Well the case itself doesn't make noise, its the fans on the hardware. So gennerally each case is quiet


----------



## loserOlimbs (Jun 19, 2004)

http://www.metku.net/index.html?sect=view&n=1&path=mods/whiskypc/index_eng

Best case EVER!!!

For my own practical computing experience however, something cheap, room for a 120mm fan or three, a few for 80mm, and lots of expansion bays, hopefully the bays are removable tray/ slot style!

Who needs quite! A PC is like a good sports car, you should hear a low rumble from miles away!


----------



## Goldfish92 (Aug 30, 2007)

Right, Ultimate 3 cases...

Antec P182 http://www.scan.co.uk/Products/ProductInfo.asp?WebProductID=604059 (my current case)

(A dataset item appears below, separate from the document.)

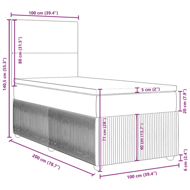 Uporabite to posteljo za uživanje v mirnem spancu! Ponuja maksimalno sprostitev in prijeten spanec. Mehak in udoben material: Vlažna tkanina iz žameta ima mehko in gladko površino, ki zagotavlja prijeten občutek ter vam zagotavlja toploto in popolno udobje.Ležišče z žepkastimi vzmetmi: Ta vzmetnica z žepkastimi vzmetmi ima posamezne žepkaste vzmeti, ki delujejo neodvisno in zagotavljajo prilagojeno podporo, saj se odzivajo le na pritisk na posameznem območju. Takšna zasnova preprečuje, da bi se ležišče "zvijalo skupaj", in zmanjšuje prenos gibanja v primerjavi s tradicionalnimi ležišči z odprtimi vzmetmi. Vsaka žepkasta vzmet podpira telo posebej.Nastavljiva višina vzglavja: Višina vzglavja je nastavljiva po vaših željah.Udobna vzmetnica: Ta nadvložek za vzmetnico z mehko in zračno površino poveča podporo in udobje ter hkrati podaljša življenjsko dobo vaše vzmetnice. Odstranljiva prevleka omogoča enostavno pranje, zato je vzdrževanje enostavno.Letvice za optimalno podporo: Okvir postelje je opremljen z letvicami, ki zagotavljajo osnovno podporo in zračnost vašega ležišča. Dobro je vedeti:Zaradi higienskih razlogov vzmetnice ni mogoče vrniti po odstranitvi ali odprtju embalaže.Posteljni okvir z vzglavjem:Barva: Temno modraMaterial: Žamet (100 % poliester), vezan les, konstruiran lesDimenzije: 200 x 100 x 140,5/150,5 cm (D x Š x V)Utrjene plastične nogicePotrebno sestavljanje: DaVzmetnica:Barva: Bela in temno modraMaterial: Žamet (100 % poliester)Material polnila: Žepkaste vzmeti, penaTrdnost: SrednjaDimenzije: 100 x 200 x 20 cm (Š x D x V)Nadvzmetnica:Barva: BelaMaterial: Blago (100 % poliester)Material polnila: PenaDimenzije: 100 x 200 x 5 cm (Š x D x V)Odstranljiva in pralna prevlekaPaket vsebuje:1 x Posteljni okvir1 x Vzglavje1 x Vzmetnica1 x Nadvložek 3292260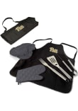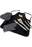 Product Details Product Details Folds into easy-to-carry toteAdjustable shoulder strapTote folds out in to apron with team logoDeluxe BBQ set stored in side3 stainless steel BBQ toolsComes with chef's hatPerfect for barbecues, picnics, and campingPolyester ToteImported Officially Licensed Pitt Panthers Apron Set will show your {Mascot Alia} pride. This Apron Set features a team logo and will look great at any tailgate. Go Panthers!

Coolermaster 830 Evolution http://www.scan.co.uk/Products/ProductInfo.asp?WebProductID=462687

Silverstone TJ09 http://www.scan.co.uk/Products/ProductInfo.asp?WebProductID=487766


----------



## brite750 (Mar 16, 2002)

http://www.newegg.com/Product/Product.aspx?Item=N82E16811112116

these are pretty nice


----------



## Nightfirecat (Sep 13, 2007)

Get one of the $50 cooler master cases... Those are nice.


----------